Write out exactly the lines between the line containing "本次研究的實(shí)驗(y" and the end of the records, counting both ends, and leave out all pictures.

━━━━━━━━━━━━━━━━━━━━━━━━━━━━━━

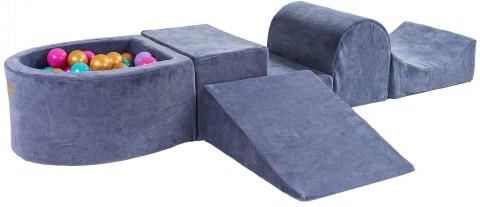 Meowbaby Foam Playset With Small Ball Pit Playground For Children With 100 Balls Certified Velvet Blue-Gray: Gold/Dark Pink/Lilac/Turquoise Bochnia
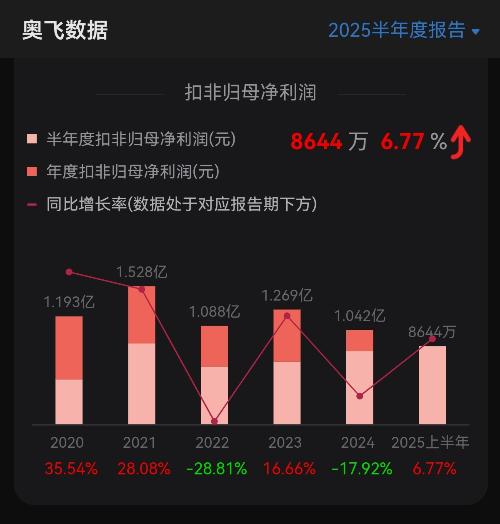 $奥飞数据(SZ300738)$ 奥飞数据业绩暴增:机构预测2025年净利润将创历史新高,股价上涨空间有多大? 数据中心机柜数量半年激增14000个,EBITDA同比增长超50%,奥飞数据正以迅猛势头拥抱AI算力浪潮。 奥飞数据发布的2025年半年度报告展现出强劲增长势头。2025年上半年,公司实现营业收入11.48亿元,同比增长8.20%;归母净利润0.88亿元,同比增长16.09%。 更引人注...
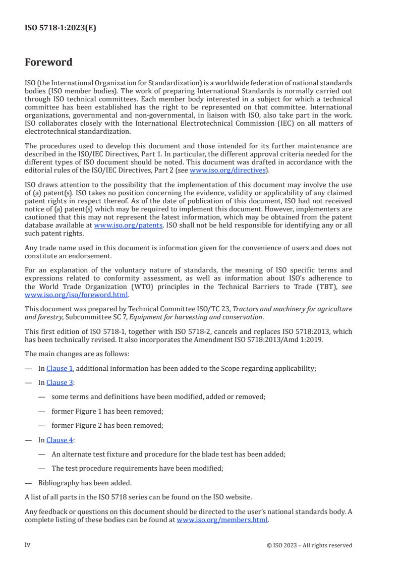 REDLINE ISO 5718-1:2023 - Matériel de récolte — Exigences relatives aux éléments coupants — Partie 1: Lames utilisées sur les faucheuses à disques rotatifs et les faucheuses à tambours rotatifs Released:19. 04. 2023
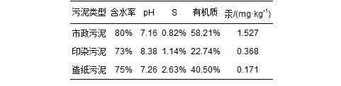 本次研究的實(shí)驗(yàn)材料為3種不同類型的新鮮污泥:市政污泥、印染污泥和造紙污泥,分別采自杭州城市污水處理廠、江陰印染污水處理廠和富陽造紙污水處理廠.
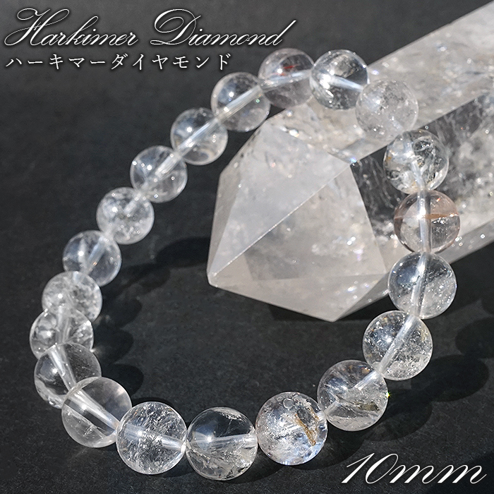 ハーキマーダイヤモンド 約10mm ブレスレット アメリカ産 【一点もの】Harkimer Diamond 希少 オイルイン アクセサリー 水晶 クリスタル クォーツ コレクション 4月誕生石 エネルギー 浄化 厄払い 厄除け 魔除け 邪気払い ヒーリング 鉱物 お守り 天然石 パワーストーン [01011001084002503001]
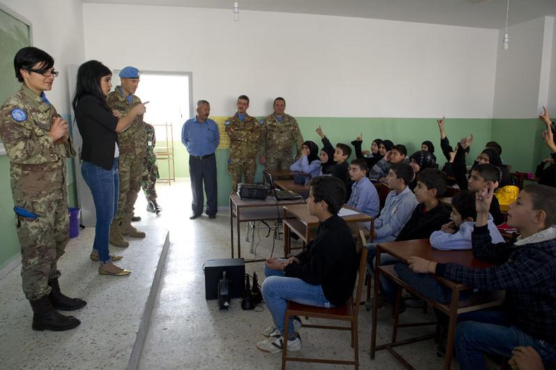 UNIFIL’s MCOU team explaining the Blue Line to the children of the Jibayl Al Butm school.
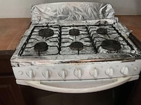 Kitchen - no drinking water. We had to buy some from the corner store. Stove was disgusting. Totally wrapped in filthy aluminum foil, except for the gas elements, which i wouldn’t trust turning on! The glass on the oven door hung down when the door was opened. No pots, pans, coffee maker, no cooking implements at all. The table dad 4 plates, 4 coffee mugs, 4 forks, 4 knives set up.
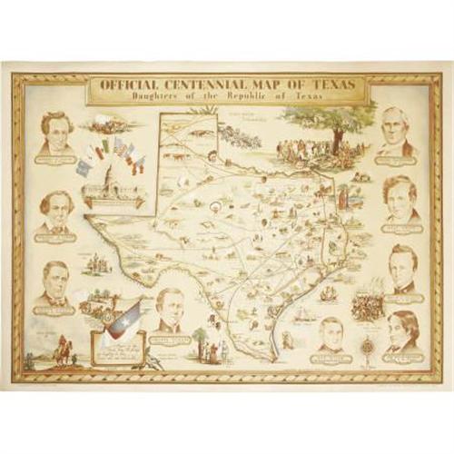 <B>Official Centennial Map of Texas</B></I>, 34.25" x 25". This 1934 Daughters of the Republic of Texas full-color-lithograph map was produced, published, and copyrighted by C. M. Burnett and lithographed by Utter and Evans, Inc. The map of Texas, including cities, roads, wildlife, and historic events, is surrounded by portraits of icons Stephen F. Austin, Mirabeau B. Lamar, Anson Jones, Colonel Fannin, Ben Milam, Col. David Crockett, Col. William B. Travis, Deaf Smith, and General Sam Houston. Officially endorsed by the Texas Centennial Commission. The map, never folded, is in fine condition with minor edge creases and one tiny tear on the right edge. <I>Ex. Dallas Historical Society.</B></I><BR><BR><b>Shipping:</b> Flat Material, Large (<a target="_blank" href="http://www.heritageauctions.com/common/shipping.php">view shipping information</a>)

━━━━━━━━━━━━━━━━━━━━━━━━━━━━━━

**TASK RESPONSE:**
 本次研究的實(shí)驗(yàn)材料為3種不同類型的新鮮污泥:市政污泥、印染污泥和造紙污泥,分別采自杭州城市污水處理廠、江陰印染污水處理廠和富陽造紙污水處理廠.
 ハーキマーダイヤモンド 約10mm ブレスレット アメリカ産 【一点もの】Harkimer Diamond 希少 オイルイン アクセサリー 水晶 クリスタル クォーツ コレクション 4月誕生石 エネルギー 浄化 厄払い 厄除け 魔除け 邪気払い ヒーリング 鉱物 お守り 天然石 パワーストーン [01011001084002503001]
 UNIFIL’s MCOU team explaining the Blue Line to the children of the Jibayl Al Butm school.
 Kitchen - no drinking water. We had to buy some from the corner store. Stove was disgusting. Totally wrapped in filthy aluminum foil, except for the gas elements, which i wouldn’t trust turning on! The glass on the oven door hung down when the door was opened. No pots, pans, coffee maker, no cooking implements at all. The table dad 4 plates, 4 coffee mugs, 4 forks, 4 knives set up.
 <B>Official Centennial Map of Texas</B></I>, 34.25" x 25". This 1934 Daughters of the Republic of Texas full-color-lithograph map was produced, published, and copyrighted by C. M. Burnett and lithographed by Utter and Evans, Inc. The map of Texas, including cities, roads, wildlife, and historic events, is surrounded by portraits of icons Stephen F. Austin, Mirabeau B. Lamar, Anson Jones, Colonel Fannin, Ben Milam, Col. David Crockett, Col. William B. Travis, Deaf Smith, and General Sam Houston. Officially endorsed by the Texas Centennial Commission. The map, never folded, is in fine condition with minor edge creases and one tiny tear on the right edge. <I>Ex. Dallas Historical Society.</B></I><BR><BR><b>Shipping:</b> Flat Material, Large (<a target="_blank" href="http://www.heritageauctions.com/common/shipping.php">view shipping information</a>)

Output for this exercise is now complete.